Security document package
IP development is a way for ARM to support its partners, and our partnership does not end when the customer receives the IP. For IP development related to functional safety, ARM defines two levels of safety file packages:
Supports standards up to ASIL B
Extended support up to ASIL D
Each safety package includes a safety manual that details the procedures to be followed, fault detection and control functions, applicable scenarios and other information. We also provide a "Failure Mode and Effect Analysis Report" and provide case studies to illustrate how to achieve higher diagnostic coverage with IP; we also provide more support at the chip level for customers' independent analysis. In addition, the package also clearly defines the development interface between ARM and the licensee.
Independent safety unit
The establishment and use of security status reports need to be progressive. The report is provided by the chip developer, and the information of all manufacturers must be considered comprehensively before it is finally delivered to the customer for use, which is progressive. The most licensed chip IP is called "Standalone Security Element" (SEooC), and its designers do not need to know how the chip is used later.

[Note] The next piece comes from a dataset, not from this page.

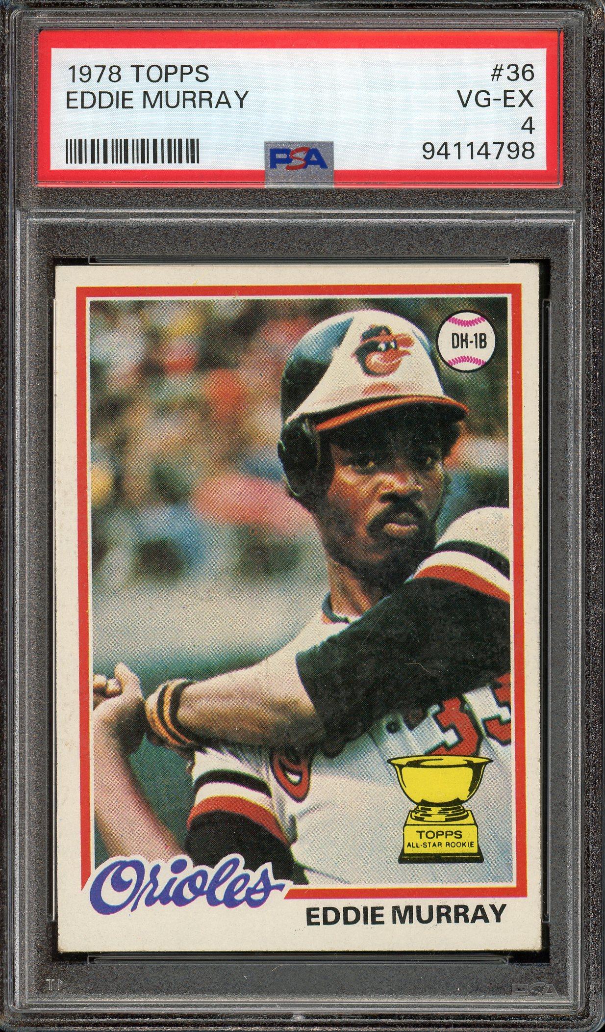 Eddie Murray Baltimore Orioles 1978 Topps Rookie Card #36. This card has been graded VG EX 4 by PSA (Professional Sports Authenticators).

Therefore, the security manual must state the IP developer's recommendations and instructions for chip use to avoid misuse. Similarly, the OEM's Tier 1 controller supplier can also use the SEooC model to develop security functions. Therefore, IP-level security file packages can be used throughout the value chain and are an important part of IP development.
Functional safety will gradually become a hard requirement
As more and more applications rely on electronic devices, from automobiles to medical to industrial equipment, functional safety is becoming more important and will become a routine requirement. Functional safety is a requirement that IP manufacturers must meet and a necessary condition for the smooth operation of models built on this IP, so IP manufacturers must grant each research result to as many chip partners as possible, and vice versa. With solid quality and reliability, functional safety can bring broader benefits, thereby promoting quality and reliability improvements across the industry. Including driver safety, fuel economy, comfort and in-vehicle infotainment systems, functional safety is the foundation for chip designers to solve higher-level automotive problems.